Almog v. Arab Bank, PLC, 471 F. Supp. 2d 257 (E.D.N.Y. 2007)
In action filed under the Anti-Terrorism Act (ATA) and the Alien Tort Statute (ATS), U.S. and foreign nationals filed suit for injuries and deaths inflicted in terrorist attacks in Israel, against Jordanian bank alleged to have knowingly provided banking and other services that facilitated the actions of terrorist organizations. The court denied the motion to dismiss claims for violations of ATA provisions prohibiting providing material support or resources to terrorists and financing terrorism; genocide and crimes against humanity; and other violations of international law.

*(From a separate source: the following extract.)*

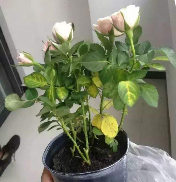 2、处理办法:将一些低浓度的液态肥,浇到盆土之中,为玫瑰花提供足够的养分,在接下来的养护中,稍微增加施肥的频次,它就可以恢复过来了。

Villeda Aldana v. Fresh Del Monte Produce, Inc., 2007 WL 3054986 (S.D. Fla. 2007): Motion to dismissed granted
The district court granted a motion to dismiss for forum non conveniens after a state court dismissed similar claims on that basis. The federal court held that, under the rules of collateral estoppel, it was bound by the legal and factual issues determined by the state court which were essential to its final judgment.

9. Additional citations
Head of state immunity: Chapter 14B, p. 374 n.53: But see Abiola v. Abubakar, 267 F. Supp. 2d 907 (N.D. Ill. 2003).